The Goal
I have a list consisting of 2 million lists of (positive) integers. The length of the list when flattened is about 60 million. The goal is to Flatten the list (Catenate) and delete all duplicates.
The Issue
The list consists of very large numbers (>10^11) and DeleteDuplicates causes the error SystemException["MemoryAllocationFailure"].
My Attempts
As a dummy, let list be defined as:
a := RandomInteger[10^10, 30];
list = Table[a, 2*^6];
Using Catenate and DeleteDuplicates on list consumes a lot of memory:
MaxMemoryUsed[DeleteDuplicates@Catenate@list]
(* 3475344280 *)
I have tried Folding Join and DeleteDuplicates
Fold[DeleteDuplicates[Join[#1, #2]]&, {}, list]

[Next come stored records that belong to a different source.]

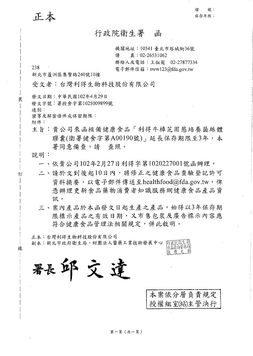 「利得牛樟芝固態培養菌絲體膠囊」延長保期限至三年
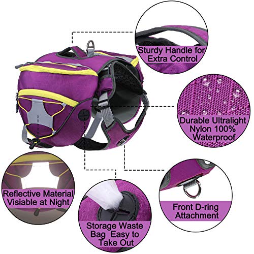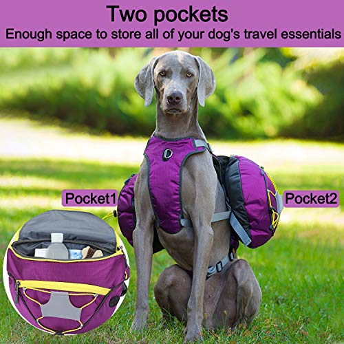HAPPY HACHI Mochila Perro Arnés Senderismo Desmontable Bolsa Sillín Portador Ajuste para Perro Mediano Grande Paquete Perro Viajar Cámping al Aire Libre (M, Morado)
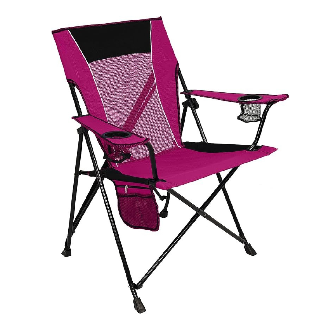 The chair’s locking system engages with a simple push and pull, making a stable base without tools or complex adjustments. Its steel frame measures 26 × 23.5 × 37 in, balancing structure and portability. Two integrated cup holders and a zippered organizer keep small essentials accessible. The material dries quickly after exposure to dew or light rain, making it suitable for variable outdoor conditions.
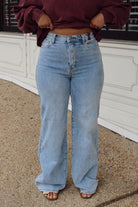 These Same Thing Jeans in a light wash feature a 33" inseam and a wide-leg cut for an effortlessly stylish silhouette. Crafted with stretch fabric, they offer comfort and flexibility while maintaining shape throughout the day. Ideal for those seeking a modern fit that combines ease of movement with a contemporary look.
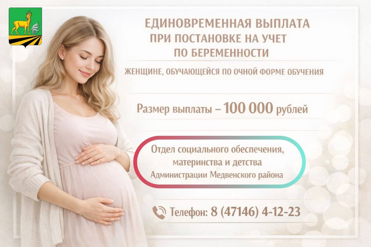 Единовременная выплата предоставляется беременной женщине, имеющей гражданство Российской Федерации, постоянно проживающей на территории Курской области, обучающейся по очной форме обучения в образовательной организации, осуществляющей образовательную деятельность на территории Курской области или на территории областей, граничащих с Курской областью ( за исключением организации дополнительного образования), поставленной на учет по беременности в медицинской организации, расположенной на территории Курской области, с 1 января 2025 года;
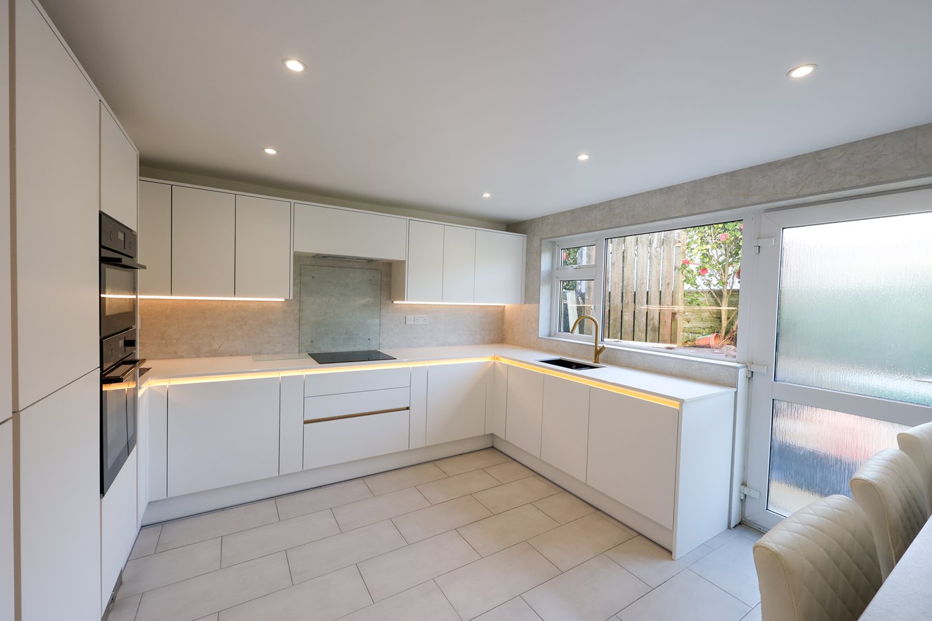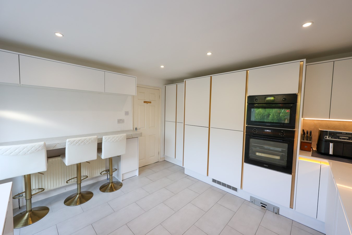 3.65m x 3.78m (12' 0" x 12' 5") Completely refitted in the last twelve months with a comprehensive range a Satin white fronted units incorporating, Gold trimmed inserts adding a touch of colour, built in fridge and freezer, large capacity storage cupboards, Zanussi electric oven with built in microwave an induction hob unit with glass splashback, concealed extractor, AEG integral dish washer. This is all topped with a White quartz work surface adding to that pristine look! Window to the front, full glazed door to the front. Breakfast bar with cupboards either side, recessed lighting, ceramic tiled floor.

It takes less memory but takes too much time (takes ~300x more time).
I attempted using @RayKoopman 's method, which actually took more memory and crashed my computer.
DD[data_] := Part[data,Sort@Part[Range[Length@data][[#]],
Most@FoldList[Plus,1,Length/@Split@data[[#]]]]]& @ Ordering@data;
DD@Catenate@list
The Question
How could one memory-efficiently remove all duplicates in a very long list?
Note: My list consists of only positive integers.